• [ACTIVITY] Restate the listing below word for word. No picture belongs in the result.

• [AVAILABLE DATA]
***
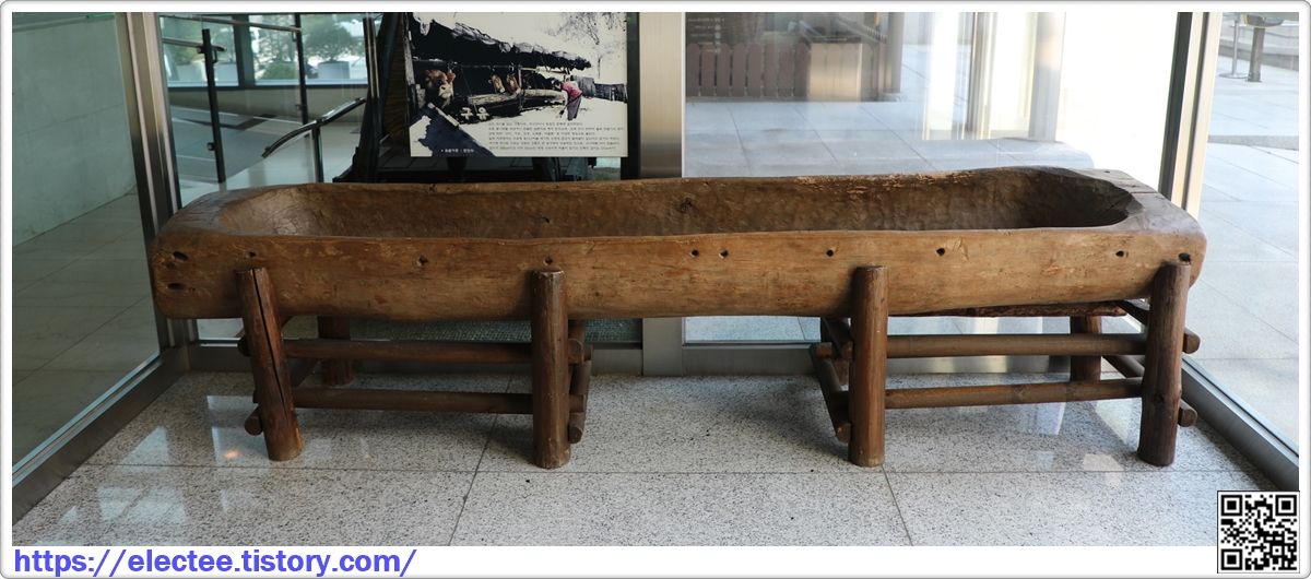 입구에 들어서면 현관과 중문 사이에 거대한 여물통이 전시되었다.
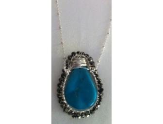 Zella Necklace in Sterling silver and Mexican turquoise & Pyrite
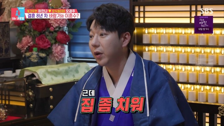 28일 방송된 '동상이몽 시즌2 – 너는 내 운명'에서는 개그우먼 허안나와 오경주 부부가 집 정리에 나서는 모습이 그려졌다. 그간 일이 잘 풀리지 않던 두 사람은 변화의 계기를 찾기 위해 '운명전쟁49' 1위 무당 윤대만 신당을 찾아가 점사를 보러 나섰고, 이 과정에서 집 상태에 대한 지적을 받게 됐다.
***
• [EXERCISE RESULT]
 입구에 들어서면 현관과 중문 사이에 거대한 여물통이 전시되었다.
 Zella Necklace in Sterling silver and Mexican turquoise & Pyrite
 28일 방송된 '동상이몽 시즌2 – 너는 내 운명'에서는 개그우먼 허안나와 오경주 부부가 집 정리에 나서는 모습이 그려졌다. 그간 일이 잘 풀리지 않던 두 사람은 변화의 계기를 찾기 위해 '운명전쟁49' 1위 무당 윤대만 신당을 찾아가 점사를 보러 나섰고, 이 과정에서 집 상태에 대한 지적을 받게 됐다.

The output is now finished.